Ну вот, опять Стив за свое. Если я когда-нибудь выйду из комы, я с ним серьезно поговорю!

– Да.

– Ну и как ее зовут?

– Эльза. Кстати, ты сам это повторил минимум три раза.

– Фамилия?

– Билье. И сегодня ей исполняется тридцать лет.

– Ну да, Ребекка только что об этом сказала.

– Это что – допрос?

– Понимай как хочешь.

Весь вечер на арене: Стив, старший брат и покровитель.

– Где она учится?

Мой гость задумался всего на пару секунд:

– Она не учится. Она работает.

– В какой области?

Снова краткая пауза.

– Горы.

Я была потрясена. Он непрерывно блефовал, но блестяще выходил из положения. Я даже задумалась: может, он и вправду меня знает?

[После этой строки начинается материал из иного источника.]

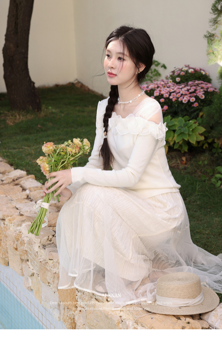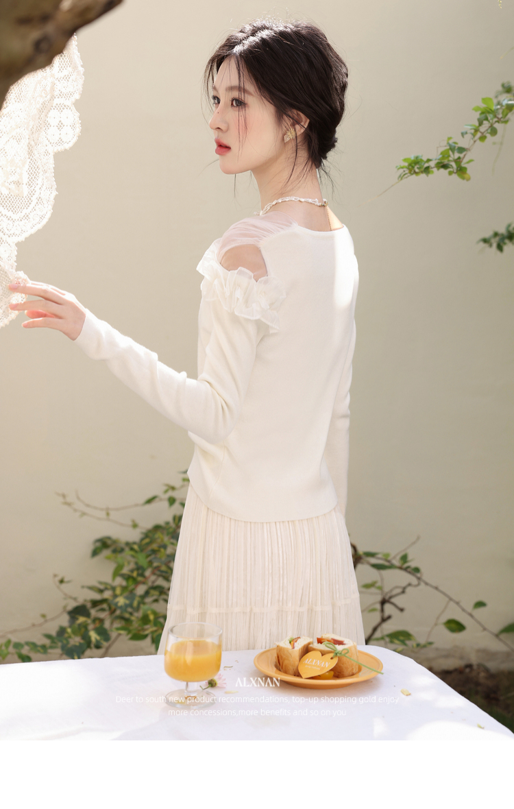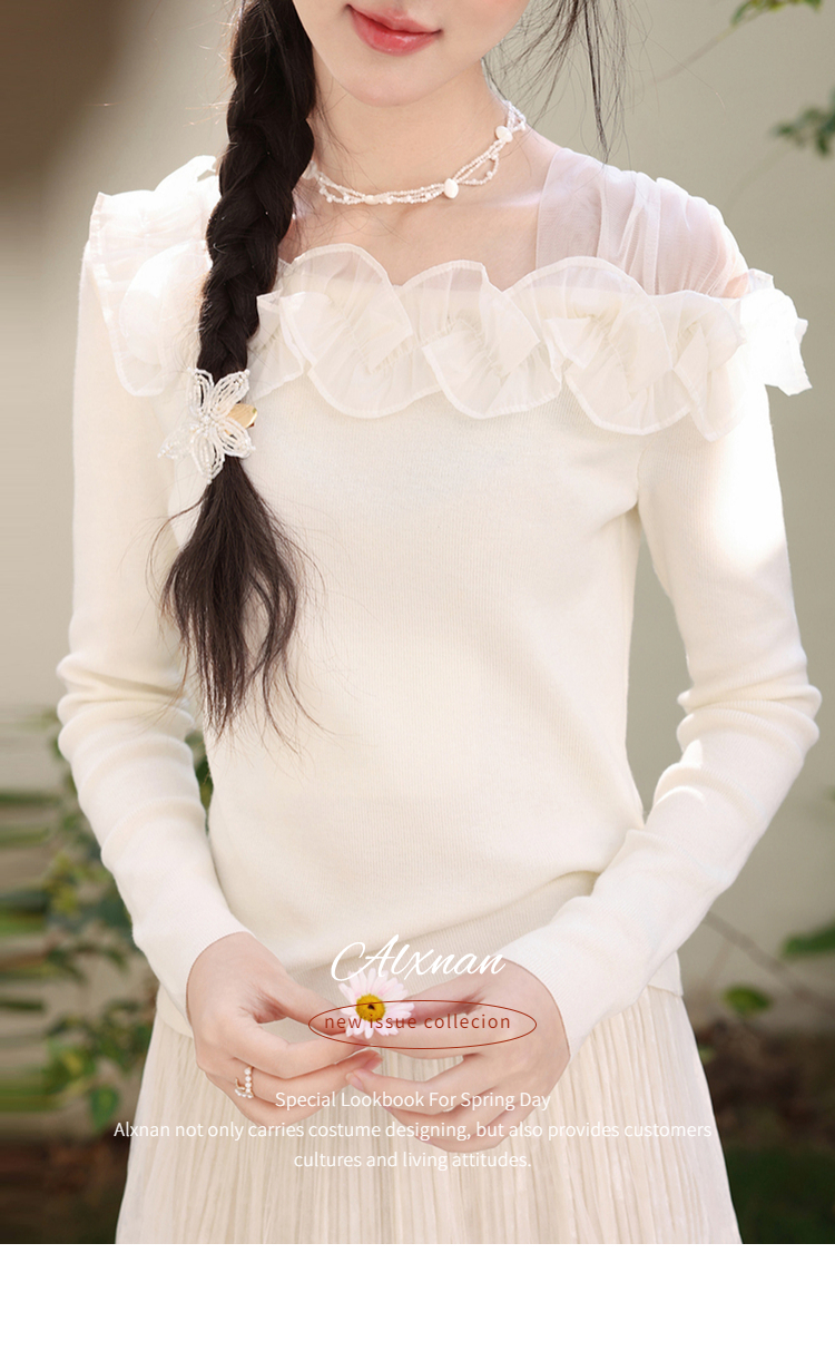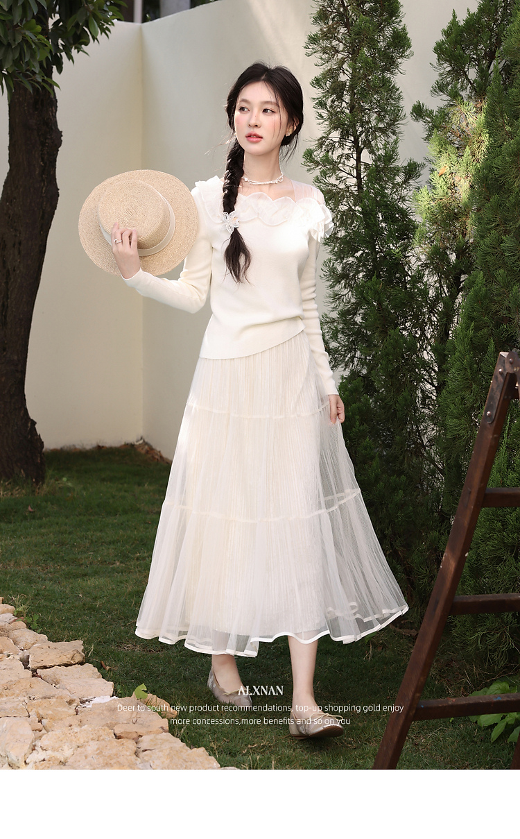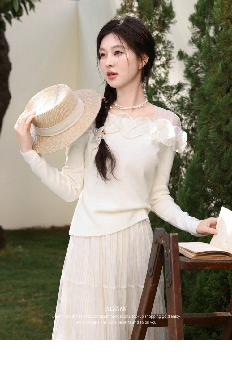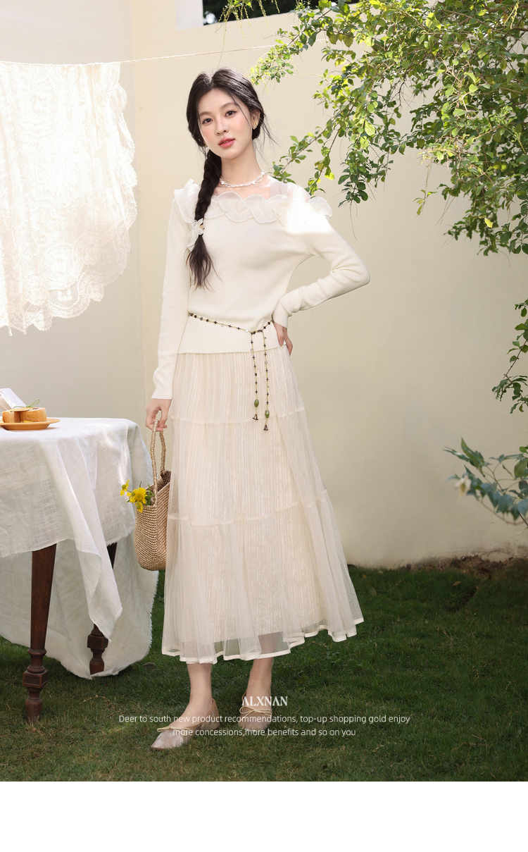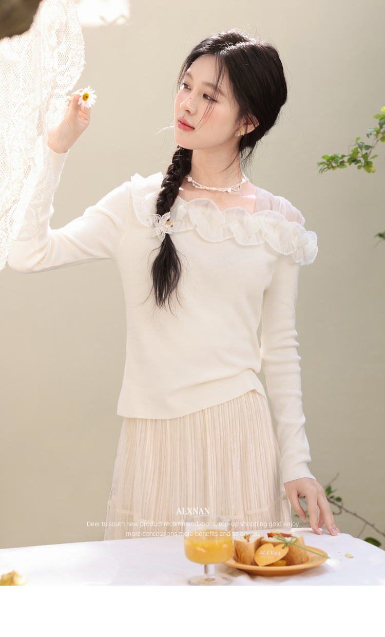 鹿向南「山茶花香」法式温柔杏色长袖方领针织衫女春季设计感上衣

– И что именно она делает в этой горной области?

Тут я уже не надеялась, что незнакомец угадает. Профессия у меня довольно необычная. На этот раз он молчал долгих десять секунд. Алекс и Ребекка тем временем зажигали свечки, и я слышала, как они перешептываются. Незнакомец прошелся по палате и остановился. Вероятно, повернулся к Стиву.

– Послушай, – начал он. – Ты прав. Я не знаком с Эльзой. Все, что я сейчас говорил, написано вон в той тетради, которая висит в ногах кровати. Я просто посетитель, который ошибся палатой. Я просто присел здесь на минутку. Я никому не помешал. А теперь я ухожу.

Удивительно, но Стив ничего не ответил. Вместо него заговорила Ребекка:

– Может, останешься задуть свечки?

Мой гость явно изумился. В этом вся Ребекка – обаятельная и порой слишком наивная. К счастью, ее прекрасный принц всегда при ней.

– Оставайся, – сказал Алекс.

– Не хотелось бы вам мешать, – ответил незнакомец.

– Да никому ты не мешаешь. Нас будет целых четверо, Эльзе это доставит удовольствие.

Я чувствовала, что мой гость колеблется.

– Хорошо.

Он снова подошел и отодвинул стул. Кажется, он помогал Алексу достать что-то из пакета; тем временем Ребекка раскрыла историю болезни в ногах моей кровати.

– Кажется, особых улучшений нет, – сообщила она остальным. – Вообще ничего нового. А, нет. Кто-то исправил ее возраст. Здорово, что они об этом вспомнили.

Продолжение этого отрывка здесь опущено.